Sesaat kemudian, Rafe menjauh dan berkata dengan serius, "Tidak. Aku bersungguh-sungguh. Kau mungkin meragukan dirimu sendiri, tapi kau benar-benar membantuku. Aku tidak akan pulih tanpamu. Terima kasih atas semua yang telah kau lakukan untukku selama ini."

"Aku mungkin harus mengatakan hal yang sama padamu," ucap Gwen sambil mengerutkan kening. "Kau ada di sana saat aku membutuhkanmu. Terima kasih. Itu sangat berarti buatku."

Rafe tertawa. "Jadi kita harus berterima kasih pada satu sama lain."

"Terkadang, seseorang yang rusak butuh membantu orang lain yang sama rusaknya untuk memperbaiki dirinya sendiri. Bukan untuk membuat dirinya merasa lebih baik, tapi agar ia bisa memahami seberapa besar beban itu sebenarnya."

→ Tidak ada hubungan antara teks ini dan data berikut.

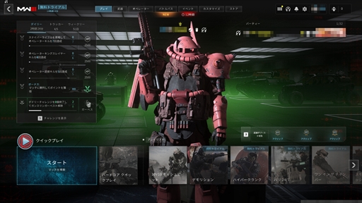 こちらも主にIPホルダーとの話し合いを通じて決まったものです。パートナーであるガンダム側とのコミュニケーションは非常にスムーズで,「CoD: MW3」はさまざまな要素が入ったコンテンツであり,その中で,一目でインパクトを与え,ガンダムと認識してもらうためには,モビルスーツが最適だろうという判断でした。
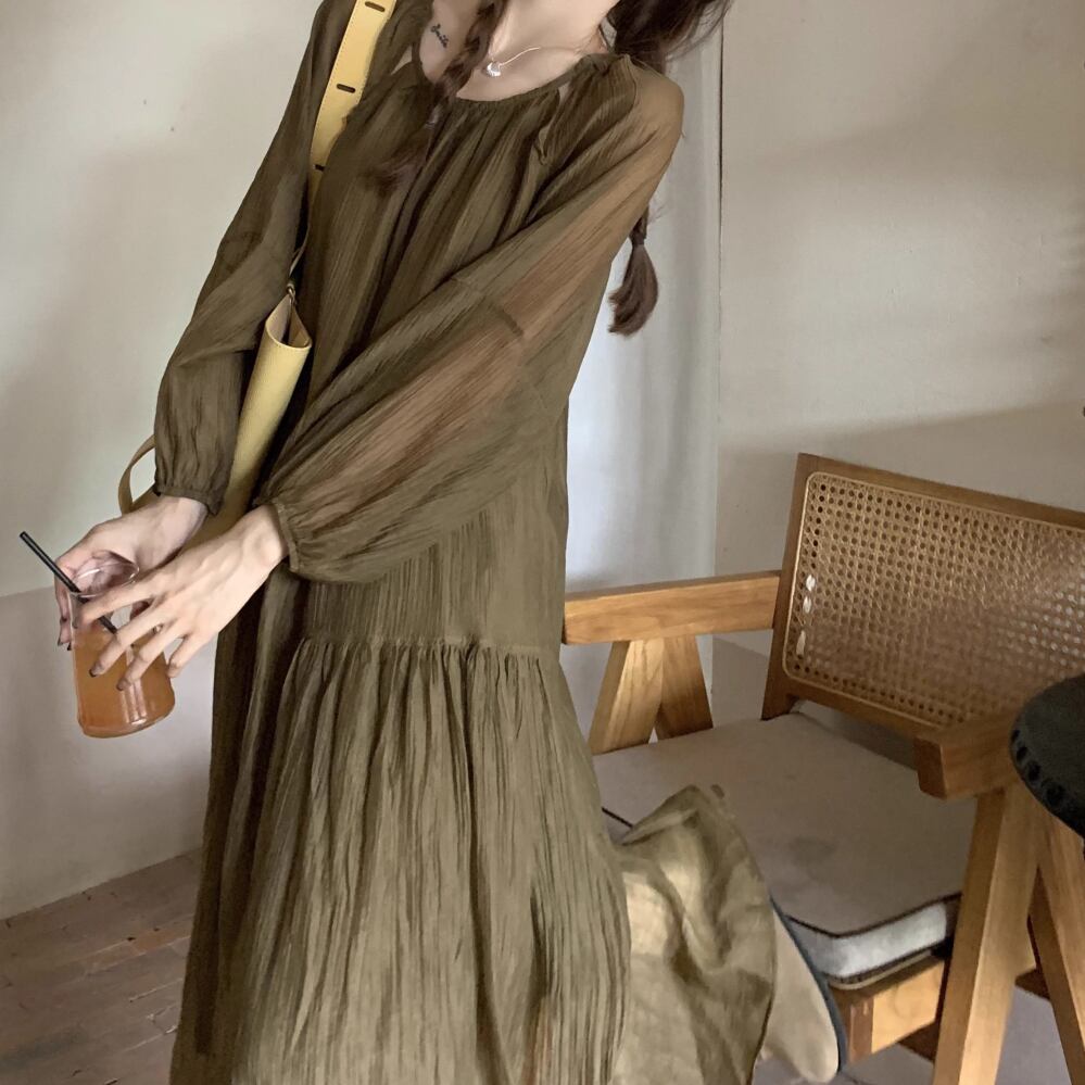 レディース ワンピース 薄手 シアー 透け感 ロング丈 長袖 S M L ブラウン AS10973
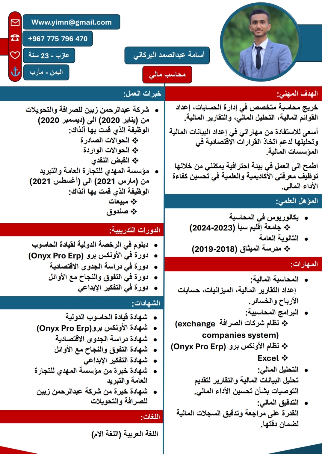 محاسب مالي ذو خبرة في إعداد وتحليل التقارير المالية، وإدارة الميزانيات، والتخطيط المالي الاستراتيجي.

Mereka saling bertatapan, tapi tak ada satu pun dari mereka yang berusaha untuk memutus kontak mata itu. Semuanya terasa tepat. Berbaring di sini bersama pria itu, kulit bertemu kulit, berusaha untuk menyenangkan satu sama lain. Gwen merasa tak membutuhkan apa-apa lagi sekarang. Kalau ia bisa hidup abadi, ia tak keberatan berbaring di sini bersama pria itu selamanya. Bersama Rafe, segalanya menjadi lebih baik. Mungkin tidak sempurna dan akan sangat sulit, tapi mereka bersama-sama. Itu yang terpenting.

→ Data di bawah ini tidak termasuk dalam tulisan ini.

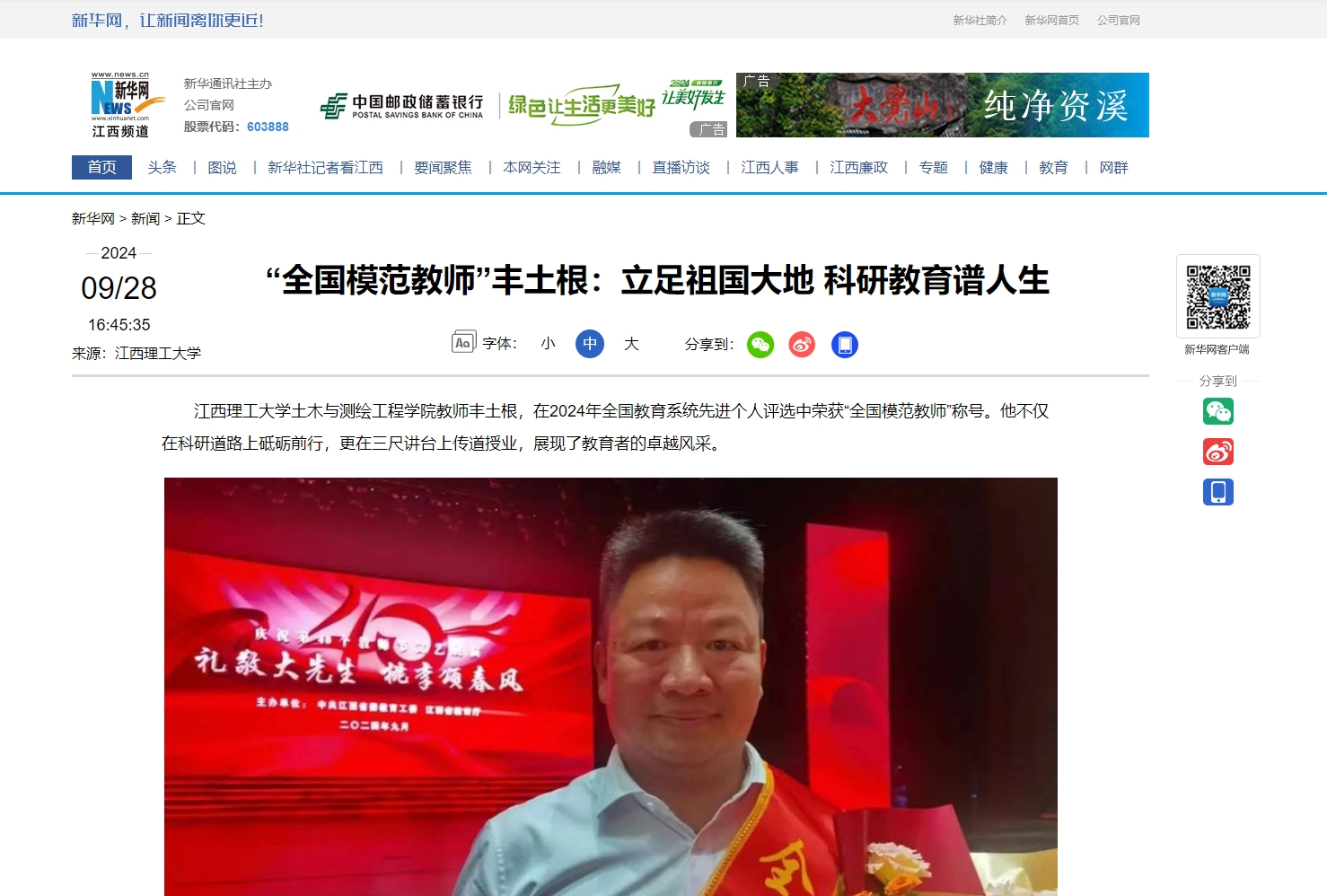 土木与测绘工程学院教师丰土根,在2024年全国教育系统先进个人评选中荣获“全国模范教师”称号。他不仅在科研道路上砥砺前行,更在三尺讲台上传道授业,展现了教育者的卓越风采。
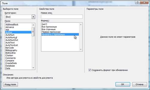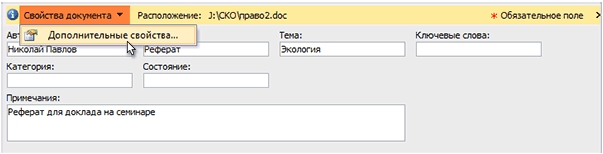 Свойства документа и вставка полей
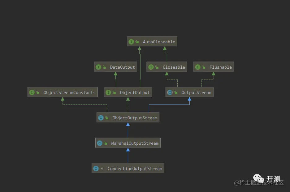 通过查看代码,可知RMI是使用对象流IO类ObjectOutputStream和ObjectInputStream来实现对象的序列化传输,该流可以将一个对象写出,或者读取一个对象到程序中,也就是执行了序列化和反序列化操作,而需要被序列化和反序列化的类必须实现Serializable 接口。
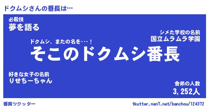 | 意味不明あだ名 | 『ペロリンドクムシ』『永久保存ドクムシ』 |
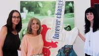 Pictured at the third installment of the Gibson Guitartown art sculptures unveiling on July 17 are (L-R): BMI's Lisa Feldman; Diane Lee, widow to Arthur Lee of the band LOVE and Kara Wright, Manager of Catalogue Development, peermusic. View Photo
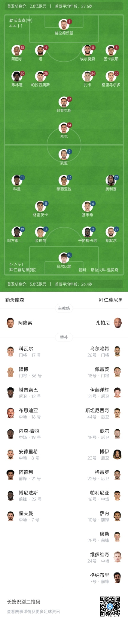 拜仁首发:40-乌尔比希、3-金玟哉、2-于帕梅卡诺、19-戴维斯、27-莱默尔、8-格雷茨卡、6-基米希、11-科曼、42-穆西亚拉、17-奥利塞、9-凯恩
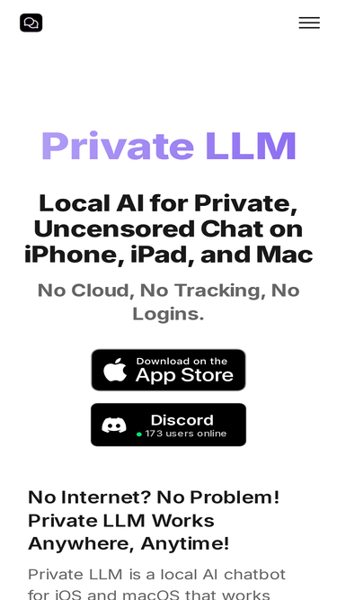 86%Discover Local AI like never before. With Private LLM, enjoy uncensored chat, creativity, and productivity with privacy on your iPhone, iPad, and Mac. Your AI, your rules.

"Kita belum pernah berkencan," kata Rafe tiba-tiba.

"Kita berkencan setiap hari, Sayangku."

"Tapi kau berhak mendapatkan yang lebih baik." Rafe terdiam sebentar dan terlihat memikirkan sesuatu. Keningnya berkerut dalam ketika dia menatap mata Gwen. Dia berkata lagi, "Malam ini kita makan malam di kota. Country club di sini terlihat menyenangkan. Mereka punya band yang memainkan musik romantis dan orang-orang senang berdansa di sana. Bagaimana menurutmu?"

Gwen melipat bibir dan menahan senyum. "Kita bisa makan malam di sini. Kau ingin aku memasakkanmu sesuatu yang spesial?"

"Aku akan membawamu makan malam ke restoran seperti yang orang-orang pada umumnya lakukan saat kencan pertama."

"Kita bisa makan di atas pasir kalau kau mau. Bertelanjang kaki, dengan sinar bulan yang menerangi kita..."

"Atau kita bisa pergi keluar."

"Rafe, kau sadar dengan apa yang kau katakan? Tempat itu sangat ramai-akan ada banyak orang di sana."

"Lalu?"

"Apa kau yakin dengan ini semua?"

"Apa kau sendiri yakin?" Rafe mengangkat alisnya, menantang Gwen untuk menjawab. Ketika Gwen diam saja, Rafe kembali melanjutkan, "Kalau kau takut pada sesuatu yang mungkin terjadi, jangan khawatir. Mereka tidak akan seceroboh itu untuk menyerang kita di hadapan publik. Aku akan menjagamu, Gwen. Tak ada yang perlu kau takutkan."

"Bukan itu yang kukhawatirkan," desah Gwen. "Apa kau benar-benar yakin untuk pergi ke sana? Rafe, aku tahu kau paling anti dengan tempat umum semacam itu. Kau tak perlu membawaku keluar untuk makan malam. Aku tak membutuhkannya."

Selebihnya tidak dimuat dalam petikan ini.